■ TRY IT: From the data below, return only the lines from the one with "For a simple" through the one with "여성 로고 핫픽스 도트 투명사 중목 양말", exact and inclusive, with pictures left out.

INFORMATION SHOWN Block Start

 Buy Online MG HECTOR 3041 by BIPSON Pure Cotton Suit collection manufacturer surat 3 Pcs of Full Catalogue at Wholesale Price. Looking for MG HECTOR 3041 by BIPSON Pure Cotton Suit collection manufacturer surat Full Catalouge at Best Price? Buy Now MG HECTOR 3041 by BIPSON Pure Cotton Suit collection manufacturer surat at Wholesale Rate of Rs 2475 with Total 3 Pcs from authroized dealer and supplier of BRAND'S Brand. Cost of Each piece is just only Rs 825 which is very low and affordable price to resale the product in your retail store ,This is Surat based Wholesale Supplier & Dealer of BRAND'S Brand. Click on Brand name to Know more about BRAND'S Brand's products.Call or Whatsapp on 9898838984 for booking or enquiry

INFORMATION SHOWN Block End
INFORMATION SHOWN Block Start

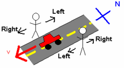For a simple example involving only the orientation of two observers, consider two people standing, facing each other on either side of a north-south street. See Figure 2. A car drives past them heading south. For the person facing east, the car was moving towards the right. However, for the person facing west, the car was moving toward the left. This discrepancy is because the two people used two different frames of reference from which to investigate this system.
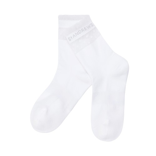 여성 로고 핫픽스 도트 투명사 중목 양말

INFORMATION SHOWN Block End

■ RESPONSE AREA:
For a simple example involving only the orientation of two observers, consider two people standing, facing each other on either side of a north-south street. See Figure 2. A car drives past them heading south. For the person facing east, the car was moving towards the right. However, for the person facing west, the car was moving toward the left. This discrepancy is because the two people used two different frames of reference from which to investigate this system.
 여성 로고 핫픽스 도트 투명사 중목 양말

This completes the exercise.